Reversible reconfiguration of a planar DNA cage followed by single-molecule FRET
We use switchable DNA motifs and integrate them within the central seam of a DNA origami structure to reversibly enlarge and contract its inner cavity for modulation of fluorescence energy transfer between two internalized fluorophores and selective trapping of proteins.
B. Saccà,* Y. Ishitsuka, R. Meyer, A. Sprengel, E. C. Shöneweiß, U. Nienhaus,* C. M. Niemeyer.* Reversible reconfiguration of DNA origami nanochambers monitored by single-molecule FRET. Angew Chem Int Ed Engl 2015, 54, 3592-3597.
Planar lattices of switchable DNA motors
We used a DNA-based self-assembly method for the construction of switchable DNA devices based on G-quadruplex moieties, which are patterned on quasi-planar DNA arrays with nanoscale precision. The reversible switching of the devices was triggered by addition of DNA sequences ('fuels') and translated into linear extension/contractile movements. The conformational change of the devices was visualized by atomic force microscopy and FRET spectroscopy. Altogether, this study confirmed that DNA superstructures are well-suited scaffolds for accommodation of mechanically switchable units and thus opens the door to the development of more sophisticated nanomechanical devices.
B. Saccà and C.M. Niemeyer. Covalent tethering of protruding arms for addressable DNA nanostructures. Small 2011, 7, 2887-2898.
B. Saccà,* B. Siebers, R. Meyer, M. Bayer and C.M. Niemeyer. Nanolattices of switchable DNA-based motors. Small 2012, 8, 3000-3008
Monitoring the self-assembly of DNA nanostructures in real time by FRET spectroscopy
We described a method for the real-time and high-throughput monitoring of the self-assembly and disassembly of complex DNA superstructures, using temperature-dependent Förster resonance energy transfer (FRET) spectroscopy. Compared with other spectroscopic approaches, such as UV-visible and circular dichroism, the method has advantages in terms of sensitivity, feasibility for high-throughput analysis and applicability to virtually any kind of supramolecular structure. To this end, two oligonucleotides out of the entire set building up the superstructure were labeled with a fluorescein and a tetramethylrhodamine, as FRET donor and acceptor, respectively. Correct assembly of the superstructure was monitored by temperature-dependent FRET efficiency. In case of reversible and cooperative assembly/disassembly of the DNA superstructure, application of the van't Hoff law allows for the determination of the thermodynamic parameters of the process.
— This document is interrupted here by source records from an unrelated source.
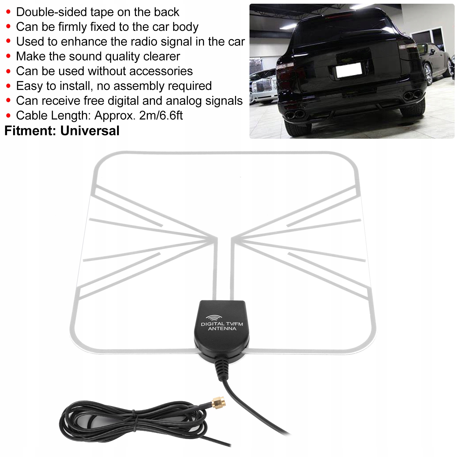 1. Универсальный тип, подходит для всех моделей, вы можете использовать его с уверенностью, не беспокойтесь о проблеме несоответствия. 2. Благодаря двусторонней ленте сзади его можно надежно прикрепить к кузову автомобиля, и его нелегко уронить. 3. В основном используется для усиления радиосигнала в автомобиле, чтобы сделать качество звука более четким. Подключите другой конец к радиоблоку. 4. Он может принимать бесплатные цифровые и аналоговые сигналы, что более удобно, быстрее и практично. 5. Его можно использовать без аксессуаров, он прост в установке и не требует сборки.
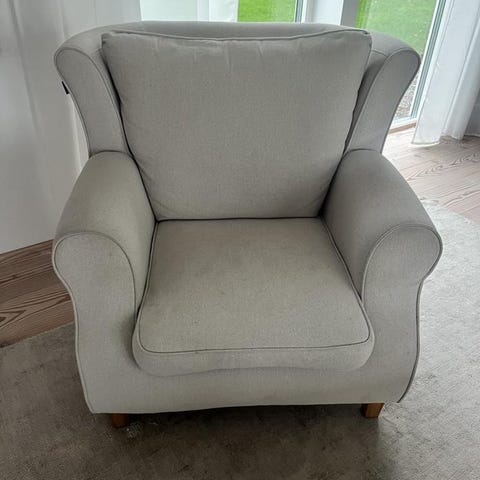 Fåtölj och fotpall i mörkgrått tyg (Jysk Tankedal)
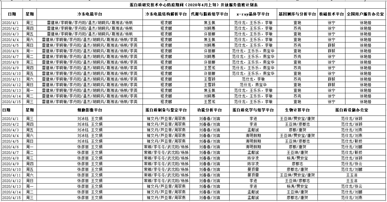 为了保障各实验室科研测试需求,同时响应新型冠状病毒防疫号召,蛋白质研究技术中心所属各个平台/机组4月份将继续安排工作人员到岗值班:
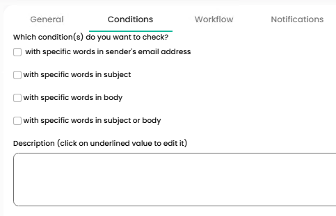 This tab helps you specify the requirements that an email must meet for a business rule to run on it.

B. Saccà,* R. Meyer, U. Feldkamp, H. Schroeder and C.M. Niemeyer.* High-throughput, realtime monitoring of the self-assembly of DNA nanostructures by FRET spectroscopy. Angew. Chem. Int. Ed. Engl. 2008, 47, 2135-2137.
B. Saccà,* R. Meyer and C.M. Niemeyer.* Temperature-dependent FRET spectroscopy for the high-throughput analysis of self-assembled DNA nanostructures in real time. Nat. Protoc. 2009, 4, 271-285.